Наука была уже не нужна ему в последние годы, и он легко оставил ее, перешел к жукам, только преподавал. А умел он преподавать? Он умел вколачивать и выжимать из человека то, что хотел, этот процесс был мучителен как для него, так и для учеников. Он не жалел себя, а уж их и подавно.

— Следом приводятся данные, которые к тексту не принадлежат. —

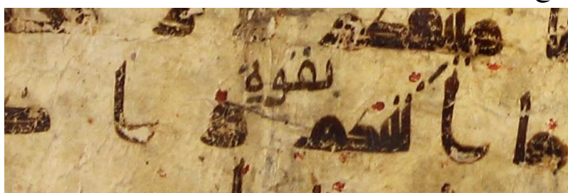
نسخه شماره ۱۸ آستان قدس رضوی

از معمول ترین خطاها در هنگام استنساخ نسخه از قلم افتادن بخشی از متن است. مواردی از این قبیل را فراوان می توان در نسخه ها مشاهده کرد. نمونه هایی از این افتادگی را در نسخه شماره ۱۸ محفوظ در کتابخانه آستان قدس رضوی می توان در افتادگی کلمه «قوما» در آل عمران ۸۶ و افتادگی کلمه «بقوة» در بقره ۶۳ مشاهده کرد که بعداً توسط کسی دیگر در بالای سطر اضافه شده است. چنین خطاهایی بازهم در نسخه های ادوار مختلف تاریخ بسیار شایع است.
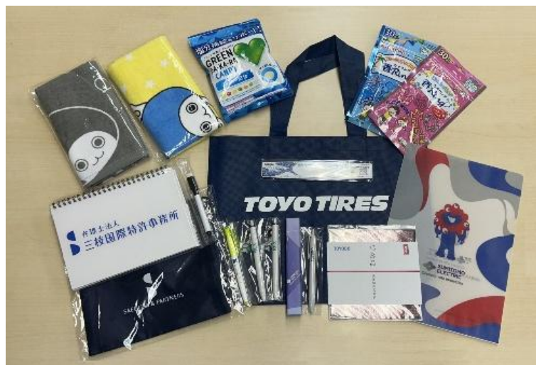
（写真は昨年の参加賞です。）
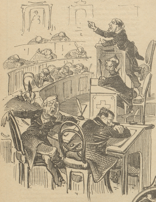
Bei uns schläft man ganz wonniglich;
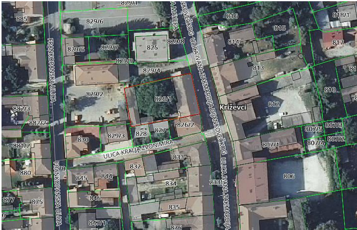
Ortofotogrametrijski snimak, preuzet s Geoportala Državne geodetske uprave, za predmetnu katastarsku česticu
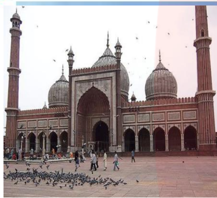
مسجد جامع دهلی، یکی از بزرگ ترین مساجد جهان

در نقشه شماره ۶ کشور هند را می بینید که بر مبنای پراکندگی ادیان ناحیه بندی شده است. هر دین تقریباً قلمرو جغرافیایی خاصی را در سرزمین هند اشغال کرده است.
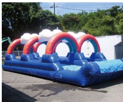
スリップスライド
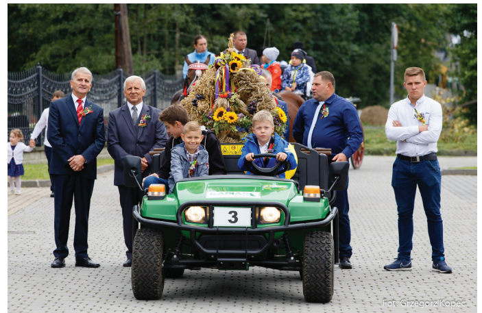
Korona Dożynkowa w asyście goczałkowskich rolników.
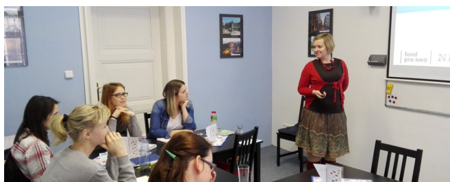
Duhové školení v Hradci Králové.
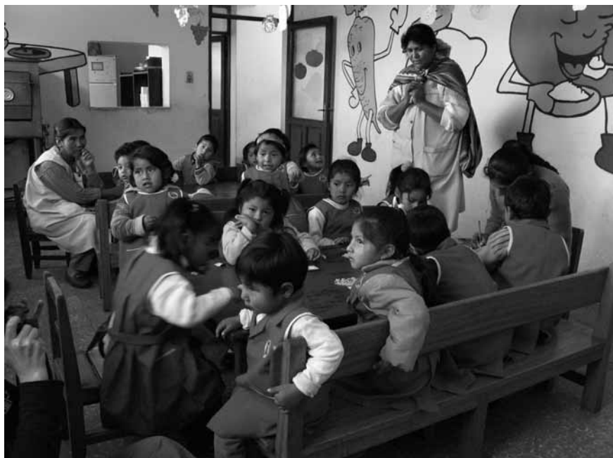
Aula infantil instituto Tupak Katari, Sucre, Bolivia

A diferencia de los países industriales, donde existen experiencias ciudadanas en las periferias urbanas y semi-urbanas, o bien ejecutadas por actores neo-rurales (habitantes urbanos que retornan al campo), en la América Latina la mayor parte de las iniciativas encaminadas a construir el poder social es representado por sus poblaciones rurales campesinas e indígenas. Ello, en parte, se explica por la enorme presencia de la población campesina (unos 65 millones) y el gran número de habitantes indígenas (40 a 55 millones), pertenecientes a unas 800 culturas, que en el caso de varios países conforman conglomerados sociales dominantes (Guatemala, Perú, Bolivia, Ecuador), o son propietarios de enormes territorios. Esto último es el caso de Colombia, donde la
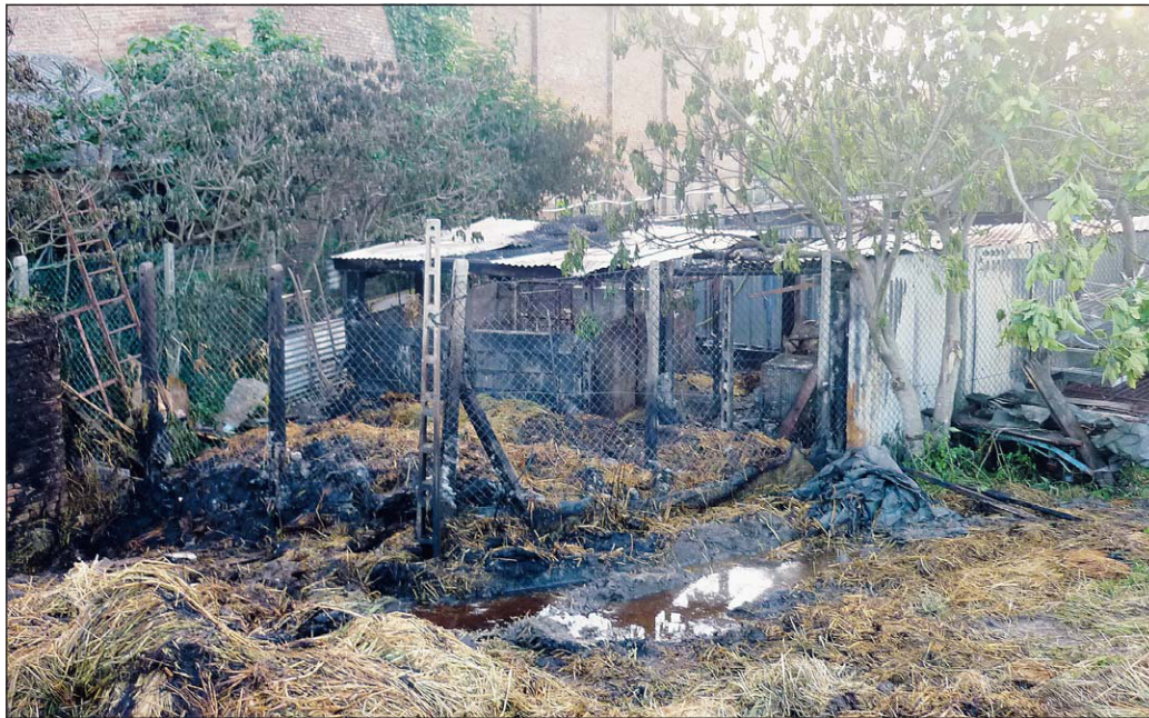
Momenti di paura Nelle foto, il luogo dell'incendio e la capre salvate

I vigili del fuoco, allertati intorno alle 17, hanno dovuto lavorare per ore prima di portare la situazione alla normalità. La struttura della stalla

О, как он не любил легких, прелестных студенток, похожих на его экспонаты, на те драгоценные блестящие капельки на атласе, тех мотыльков, которые едва касались предмета, как ему заранее казалось: раз они так хороши и так причесаны, то где им, когда, когда, думать? Где им знать? Он гнал их сразу, даже не пытаясь разобрать, знают они или нет, он внушил им, что они не знают, не знают, и все тут, хоть они знали. Они рыдали, приходили несколько раз, иногда по пять, шесть. Это была пытка для них и для него, они вопили и жаловались, но он был неуязвим совершенно. Однажды я спросила его, сколько у него было хороших учениц. Он ответил:
— Ни единой!
То есть не было ни одной женщины. Они обращались сразу в тупиц, которых он сам порождал своим видом, и преодолеть психологический барьер его отношения к ним они не могли.
О, я знала это его странное и таинственное умение поразить, сказать, заколдовать совсем, сделать так, что ты не могла ответить то, что отлично знала на самом деле, потому что, когда он вдруг, среди всех острот и шуток, дел и верчений в хозяйстве, скажем, оборачивался и спрашивал:
— А ты знаешь, кто написал «Портрет Дориана Грея»? — меня это ошарашивало совсем, будто речь шла о тех его формулах, которые я не пыталась даже постичь, будто речь шла об антимирах, и, запинаясь, я старалась вывернуться, превозмогая его уверенность в том, что я не знаю Оскара Уайльда, говорила:
— Ты играешь в шарады?
— Нет, ответь!
Я вскипала и говорила, что с ним всегда можно ждать приступа склероза и даже инфаркта, что мне не десять лет, а гораздо больше.
Ему нравилась моя злость. Он считал ее проявлением жизни. Вот уж поистине был он средоточием добра и зла, как дьявольский коктейль со льдом, который то обжигает, то охлаждает пыл страстей.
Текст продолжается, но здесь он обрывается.